• **The input**
- - - - -
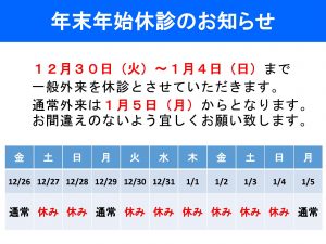 年末年始休診のお知らせ
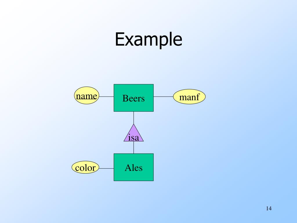 E/R Style name manf Bud Anheuser-Busch Summerbrew Pete’s Beers name color Summerbrew dark Ales Good for queries like “find all beers (including ales) made by Pete’s.”
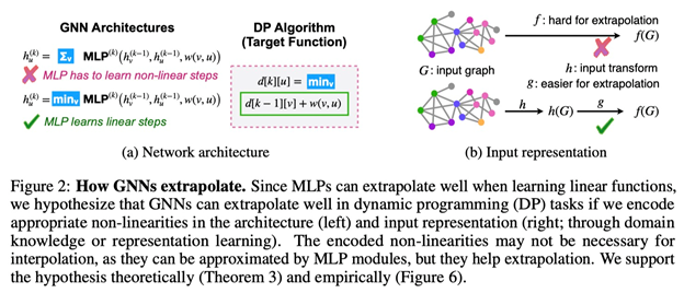 由此推论我们可以得到,在一些图神经网络任务中目标方程分解为线性方程和非线性方程,我们可以先对输入进行非线性操作,多层感知机去拟合线性部分。这样做就可以得到好的外推效果
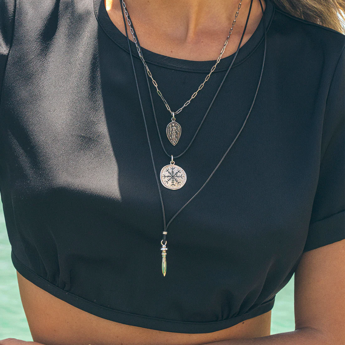 This necklace blends modern elegance with sacred meaning—perfect for layering, gifting, or wearing as a daily reminder of peace, intuition, and protection.
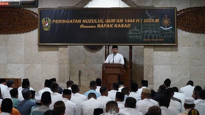 KLIKSURABAYA.CO.ID –Kepala Staf Angkatan Darat (Kasad) Jenderal TNI Dr. Dudung Abdurachman menghadiri peringatan Nuzulul Qur’an 1444 H/2023 M sekaligus memberikan Ceramah Hikmah Nuzulul Quran dan menjadi imam shalat Tarawih.
- - - - -
• **Problem**
Your task is to repeat the entries above exactly, omitting the pictures.

• **Task result**
 年末年始休診のお知らせ
 E/R Style name manf Bud Anheuser-Busch Summerbrew Pete’s Beers name color Summerbrew dark Ales Good for queries like “find all beers (including ales) made by Pete’s.”
 由此推论我们可以得到,在一些图神经网络任务中目标方程分解为线性方程和非线性方程,我们可以先对输入进行非线性操作,多层感知机去拟合线性部分。这样做就可以得到好的外推效果
 This necklace blends modern elegance with sacred meaning—perfect for layering, gifting, or wearing as a daily reminder of peace, intuition, and protection.
 KLIKSURABAYA.CO.ID –Kepala Staf Angkatan Darat (Kasad) Jenderal TNI Dr. Dudung Abdurachman menghadiri peringatan Nuzulul Qur’an 1444 H/2023 M sekaligus memberikan Ceramah Hikmah Nuzulul Quran dan menjadi imam shalat Tarawih.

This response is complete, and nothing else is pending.